Step 3 — llo-invite (prepare only)

Identify candidate LLOs from the PDD's preferences and the LLO Directory, prepare the invite list with rationale per LLO.

  • Input: Opportunity ID + PDD's LLO preferences section
  • Output: connect-setup/invites.md with status prepared
  • Gate (review mode): operator approval of the list
  • Note: sending moves to llo-onboarding in Phase 5 so the email can include the OCS widget link

Phase 4 — OCS Setup

Agent: ocs-setup

Configure the per-opportunity OCS chatbot, quality-gate it, and hand the widget credentials to the operator for the Connect opportunity. No LLOs interact in this phase — only the ACE judge does.

Step 1 — ocs-agent-setup

Clone the ACE golden template, create a per-opp RAG collection, upload PDD + training + app summaries, wait for indexing, patch the opp-specific system prompt, attach both the shared Connect collection and the opp collection as knowledge sources, publish a version.

  • Input: PDD, training materials, app summaries, opportunity config
  • Output: ocs-agent-config.md with {experiment_id, public_id, embed_key, collection_id, pipeline_id, version_number}
  • MCP atoms: ocs_list_chatbots, ocs_clone_chatbot, ocs_create_collection, ocs_upload_collection_files, ocs_wait_for_collection_indexing, ocs_set_chatbot_system_prompt, ocs_attach_knowledge, ocs_publish_chatbot_version, ocs_get_chatbot_embed_info
  • Idempotency: resumes from existing ocs-agent-config.md if present
  • Review mode: pauses to show composed prompt + file list, and again before publishing

Step 2 — ocs-chatbot-qa --quickocs-chatbot-eval --quick

qa captures a 5-question smoke suite (escalation, tagging, shared-collection retrieval, graceful-decline) with structural checks to fast-fail a miswired bot. eval then grades the transcript. Stdout summary only.

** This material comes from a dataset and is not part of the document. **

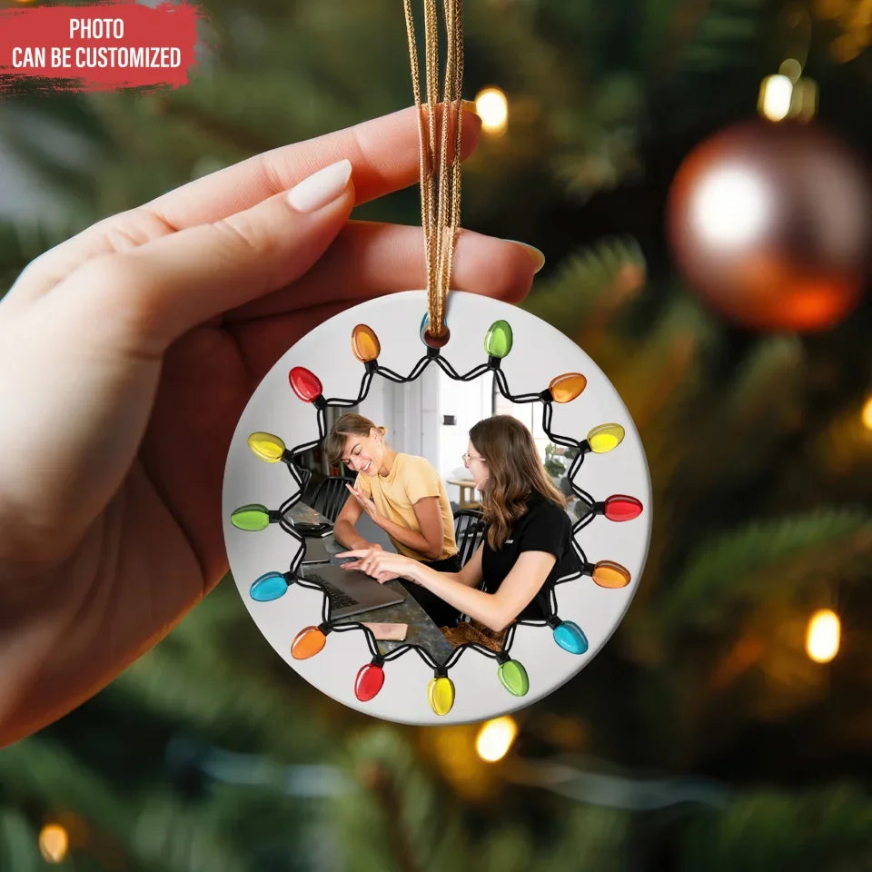 Our Personalized ceramic ornament is a great gift for your clients and friends to remember you year after year. From printing one color to full color, this ornament will be the perfect souvenir for holidays, weddings, graduations, engagements, and memorials. This beautiful ornament will shed some light on your Christmas tree this year.

  • Gate: qa structural pass rate = 100% AND eval overall ≥ 7. On fail: one prompt-patch retry, then escalate

Step 3 — ocs-chatbot-qa --deepocs-chatbot-eval --deep

qa captures the full suite: Connect-general + ACE-specific + opp-specific (from test-prompts.md) + edge-case extras (out-of-scope, adversarial, multi-turn, non-English if applicable) at qa-captures/YYYY-MM-DD-ocs-chat-deep.md. eval grades each response.

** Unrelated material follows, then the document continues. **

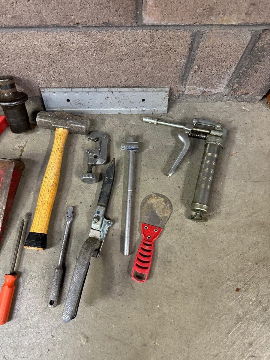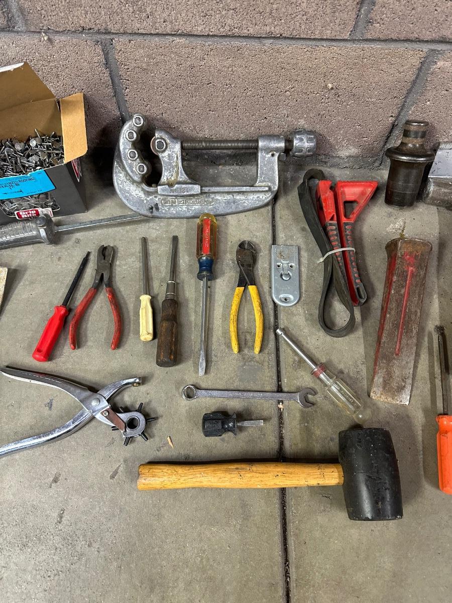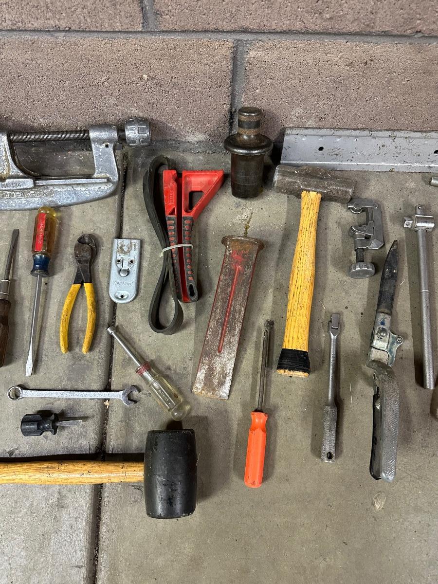 LARGE ASSORTMENT OF HAND TOOLS AND A NIPPLE CADDY

  • Outputs: verdicts/ocs-chatbot-eval-deep.yaml (machine), eval-reports/YYYY-MM-DD-ocs-eval.md (human), gate-briefs/ocs-chatbot-eval-deep.md
  • Judge dimensions (eval skill): Correctness (40%) · Source usage (20%) · Tone (20%) · Tagging (20%); per-prompt Pass/Warn/Fail
  • Gate (review mode): overall ≥ 7 AND every Fail resolved

Step 4 — Widget handoff to Connect

Present {public_id, embed_key} with exact paste instructions.

  • Output: ocs-setup/widget-handoff.md
  • Current Workaround: Connect update_opportunity API unbuilt (CCC-301). Operator pastes creds into Connect admin UI. Becomes a single API call when CCC-301 lands

Phase 5 — LLO Management

Agent: llo-manager

First LLO-facing phase. Sends Connect invites and the ACE onboarding email (with widget link), runs UAT, activates the opportunity, and keeps recurring monitoring skills running for the life of the opportunity.

Step 1 — llo-onboarding

Issue the Connect system invite for each prepared entry and send the ACE-authored onboarding email from ace@dimagi-ai.com with training materials, getting-started instructions, and the OCS widget link derived from public_id + embed_key.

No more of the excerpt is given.